**TASK DESCRIPTION:**
Should pictures appear among the records, leave them out, and copy exactly only the lines from the first through the one with "Ürün Adı: Mini", inclusive.

=== LISTED ENTRIES ===

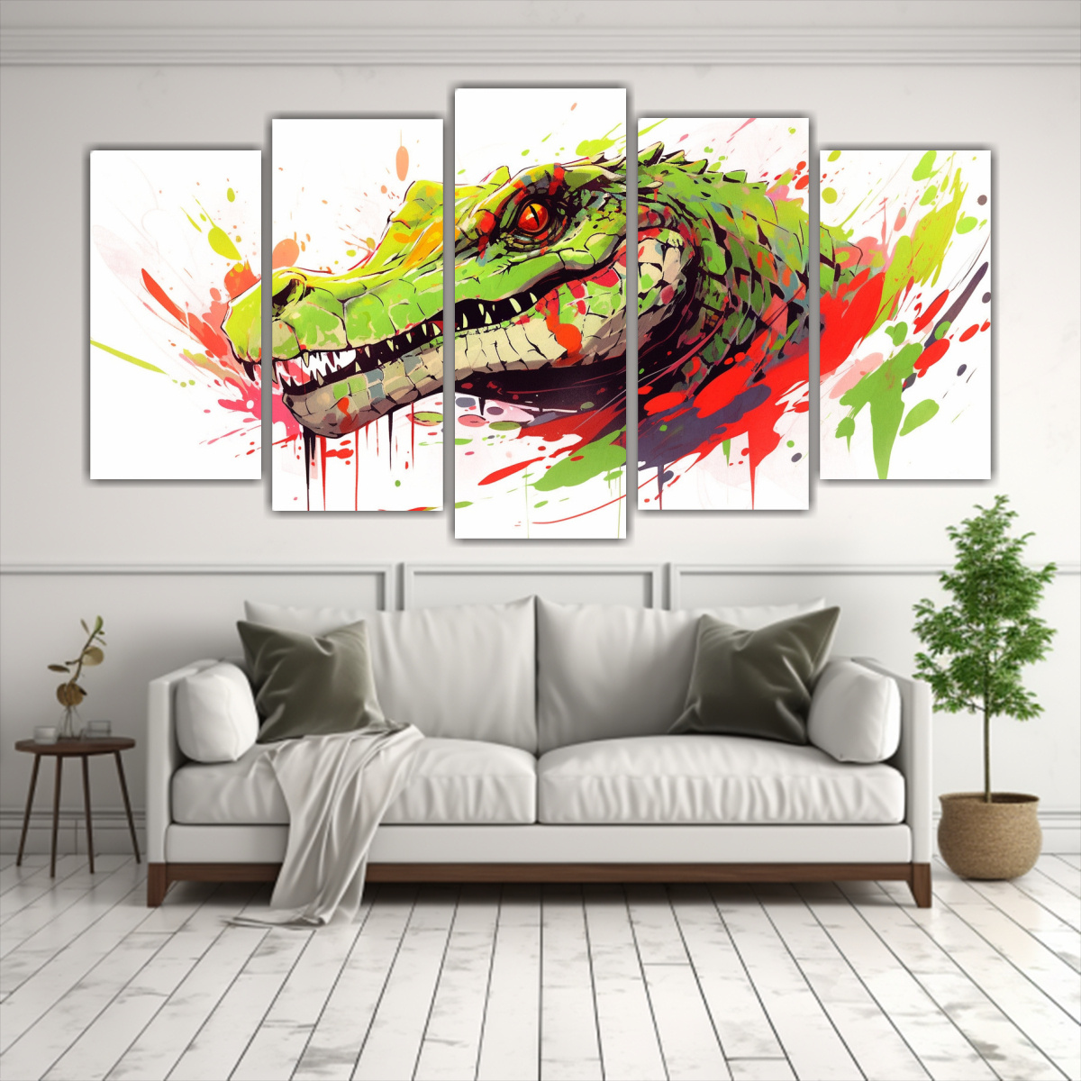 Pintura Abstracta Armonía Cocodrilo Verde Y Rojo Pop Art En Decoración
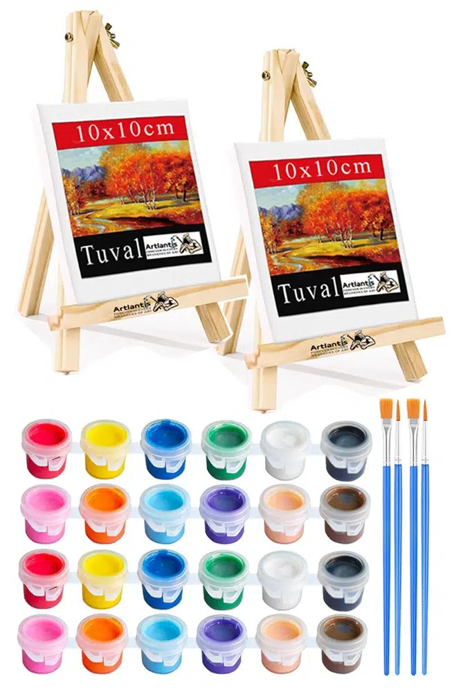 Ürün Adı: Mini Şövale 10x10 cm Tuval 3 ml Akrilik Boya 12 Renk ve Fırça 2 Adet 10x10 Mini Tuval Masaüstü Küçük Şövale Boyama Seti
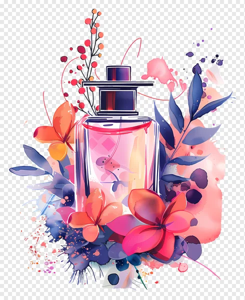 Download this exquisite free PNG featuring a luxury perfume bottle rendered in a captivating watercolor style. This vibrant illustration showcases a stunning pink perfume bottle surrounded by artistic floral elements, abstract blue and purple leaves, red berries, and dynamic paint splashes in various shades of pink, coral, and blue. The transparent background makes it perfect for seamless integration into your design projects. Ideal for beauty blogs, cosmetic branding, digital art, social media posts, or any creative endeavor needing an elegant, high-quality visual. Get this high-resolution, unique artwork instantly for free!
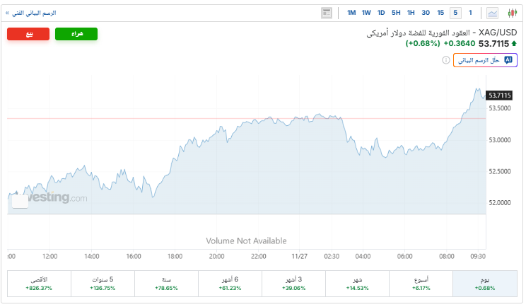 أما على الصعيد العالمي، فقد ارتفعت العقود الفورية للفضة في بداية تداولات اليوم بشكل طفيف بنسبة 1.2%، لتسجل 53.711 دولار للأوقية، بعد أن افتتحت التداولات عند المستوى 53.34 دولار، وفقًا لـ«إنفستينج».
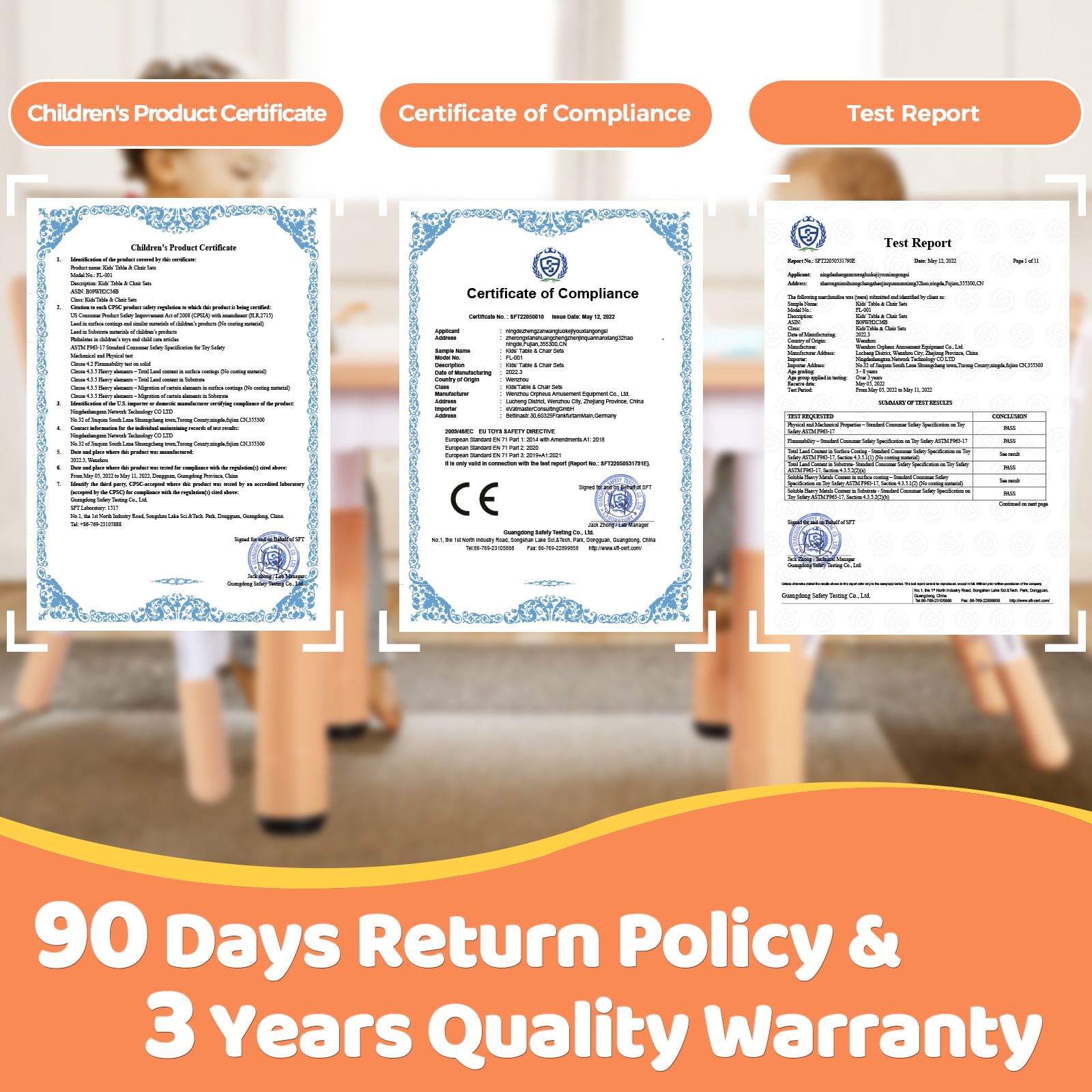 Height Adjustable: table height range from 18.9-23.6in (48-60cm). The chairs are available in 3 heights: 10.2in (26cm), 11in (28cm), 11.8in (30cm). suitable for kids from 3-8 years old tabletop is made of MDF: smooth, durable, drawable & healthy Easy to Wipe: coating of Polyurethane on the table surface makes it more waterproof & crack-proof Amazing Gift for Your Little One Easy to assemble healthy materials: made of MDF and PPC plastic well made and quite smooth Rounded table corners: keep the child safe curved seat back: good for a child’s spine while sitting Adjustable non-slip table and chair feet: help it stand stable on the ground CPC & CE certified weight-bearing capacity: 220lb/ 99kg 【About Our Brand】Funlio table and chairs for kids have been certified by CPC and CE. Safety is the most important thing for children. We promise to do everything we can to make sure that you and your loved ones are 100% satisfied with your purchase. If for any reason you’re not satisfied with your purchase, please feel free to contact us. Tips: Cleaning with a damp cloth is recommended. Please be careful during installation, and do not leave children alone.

===

**SOLUTION FOR THIS TASK:**
 Pintura Abstracta Armonía Cocodrilo Verde Y Rojo Pop Art En Decoración
 Ürün Adı: Mini Şövale 10x10 cm Tuval 3 ml Akrilik Boya 12 Renk ve Fırça 2 Adet 10x10 Mini Tuval Masaüstü Küçük Şövale Boyama Seti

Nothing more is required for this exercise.